具有主导晶面的BiOIO3/BiOCl异质结制备与光催化性能

分别以乙二醇/去离子水为溶剂，通过溶剂热/水热法分别制备了具有不同主导晶面的BiOIO₃/{110}BiOCl和BiOIO₃/{001}BiOCl异质结。采用X射线衍射、扫描电子显微镜、能量色散谱和紫外可见漫反射光谱对制备的BiOIO₃/BiOCl光催化剂进行了表征。在可见光照射下，通过对罗丹明 B和苯酚水溶液的光催化降解，考察了 BiOIO₃/BiOCl异质结的光催化活性。结果显示25% BiOIO₃/{110}BiOCl异质结具有最高的光催化效率。BiOIO₃/{110}BiOCl较好的光催化性能是由于其在可见光区较强的光吸收，以及异质结结构和BiOCl所具有的(110)主导晶面有利于光生载流子的分离。超氧自由基(·O₂^-)和空穴(h⁺)是光催化过程中的主要活性物质。此外，根据实验结果探讨了光催化性能增强的机理。

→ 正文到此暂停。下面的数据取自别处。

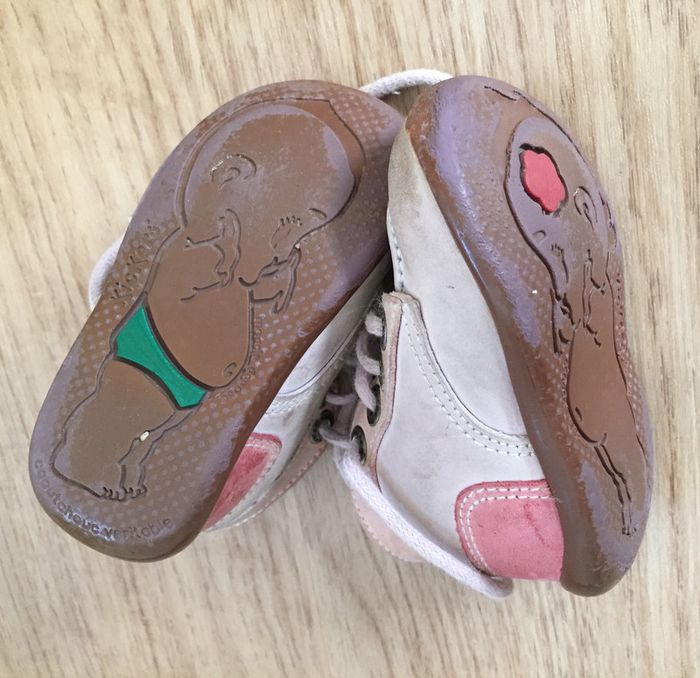 Taille 19 État satisfaisant, chaussure droite beaucoup plus tachée que la gauche. De couleur lilas très pâle et rose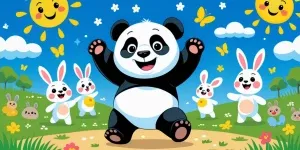 «Panda waves hands, stretches tall toward the sky, then bends to...»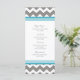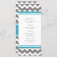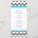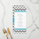 Elegante menú para la cena de bodas con elegante estampado retro de chevron azul verde azulado, gris y blanco, personalizable con los detalles de la cena, disponible en una amplia gama de productos bodas a juego.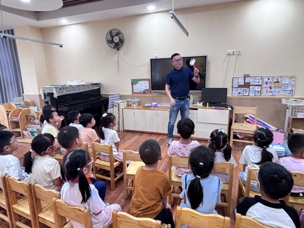 活动中,吴沐言爸爸以亲切的讲述和细致的演示,为孩子们展示了向日葵的制作材料,耐心讲解花杆粘贴技巧与表情绘制方法。通过“怎么把绿色的彩纸变成花杆?”“怎样让笑脸更可爱?”等趣味提问,充分调动孩子们的积极性,现场小手高举、笑声不断。手工环节中,他悉心指导每位孩子,尤其关注动作稍慢的小朋友,温柔鼓励、亲手协助,让每个孩子都顺利完成自己的作品。活动最后,吴沐言爸爸还为孩子们送上了精心准备的小礼物与趣味贴纸,让这份创造的快乐从课堂延续到生活~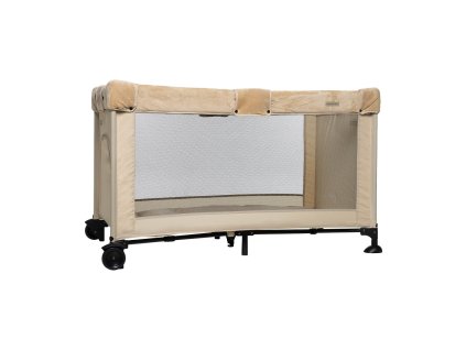 Kompaktes, zuverlässiges Reisebett, ideal für Reisen oder als Laufstall. In der Transporttasche. Bezüge aus Samt. Maße 60 x 120 cm, Regenschirm faltbar.

Preparation and photocatalytic performance of BiOIO3/BiOCl heterojunction with dominated facet

The BiOIO 3/BiOCl heterojunctions with different dominated facet, BiOIO₃/{110}BiOCl and BiOIO₃/{001} BiOCl, were prepared through facile solvothermal/hydrothermal methods with ethylene glycol/deionized water as solvents. As prepared BiOIO₃/BiOCl photocatalysts were characterized by X ray diffraction, scanning electron microscope, energy-dispersive spectroscopy, and UV-Vis diffuse reflectance spectra. The photocatalytic activity of BiOIO 3/BiOCl heterojunctions was evaluated by photo catalytically decomposing rhodamine B and phenol in an aqueous solution under visible light irradiation. The results showed that 25% BiOIO₃/{110}BiOCl heterojunctions exhibited the highest photocatalytic efficiency. The degradation of RhB over 25% BiOIO₃/{110}BiOCl was 98.7% after 15 min of light irradiation. And 100% phenol can be degraded after irradiation for 150 min. The better photocatalytic performance of BiOIO₃/{110}BiOCl may be attributed to the strong absorption of the visible light, the heterojunction structure, and the efficient separation of photo-generated carriers benefiting from the dominated (110) facet of BiOCl. The superoxide radicals (·O₂^-) and holes (h⁺) are the main active species in the photocatalytic process. Moreover, a reasonable mechanism for enhanced photocatalytic performance was also discussed based on the experimental results.